Congressman Jesse Jackson Jr. has taken a leave of absence from congress, and little has been revealed about his condition, or when he might be back on the job.
The elder Jackson Saturday said it was six months ago that his family discovered the congressman wasn't well. But he deferred all other medical-related questions to his son's doctors at the Mayo Clinic.
"He's regaining his strength. And we hope he'll regain all of it," said Rev. Jesse Jackson.
Saturday, the congressman's father and brother offered few details about his condition.

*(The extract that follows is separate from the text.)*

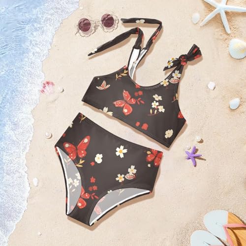 KLL Embroidery and Rhinestones Small Red Butterfly Girls Two Piece Bikini Sets Quick-Dry Swimsuits Swimwear Adjustable Strap 4
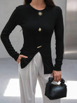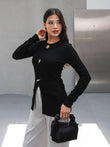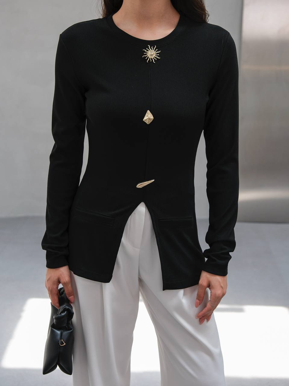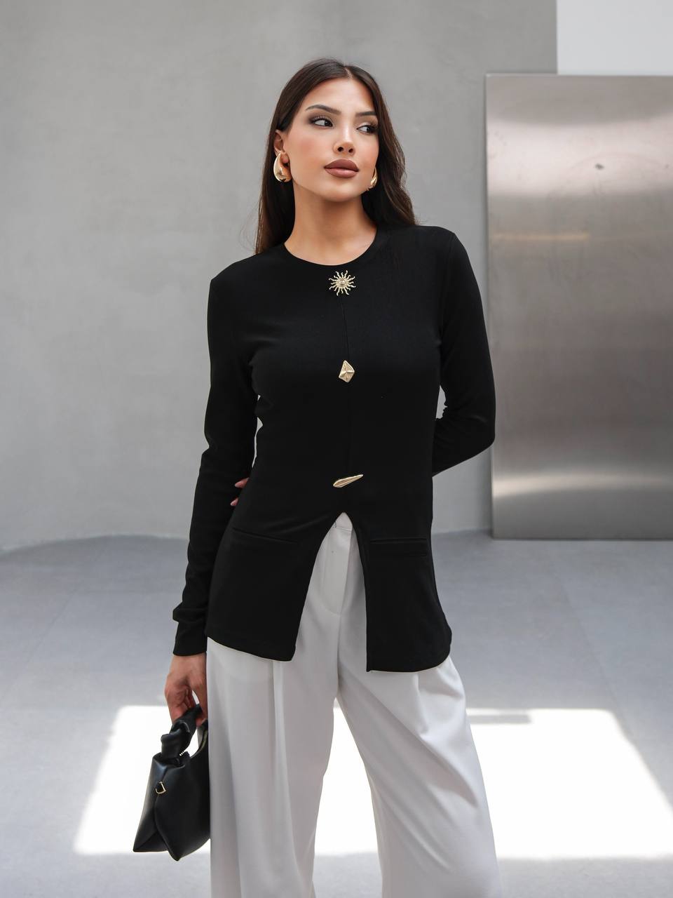 • Top: Fitted tunic with gold embellishments and front slit detail

"He's had tremendous improvement, and we're thankful for that," said the congressman's brother, Jonathon Jackson. "All the people who have called in, sent us flowers and cards, I'd like to say thank you to them personally."
It was late Friday night, as much of the country was basking in Olympic glory. that the Mayo Clinic announced in a press release that it was treating the nine-term congressman for depression.
The hospital said Jackson, who underwent weight loss surgery in 2004, was also being treated for gastrointestinal issues.
Saturday, a bariatric surgeon said that 80 percent of patients who undergo the procedure have a history of depression.
"A lot of times there's improvement, but sometimes there's not, and you see continued depression or even worsening depression," said Dr. Woody Denham of NorthShore University HealthSystem.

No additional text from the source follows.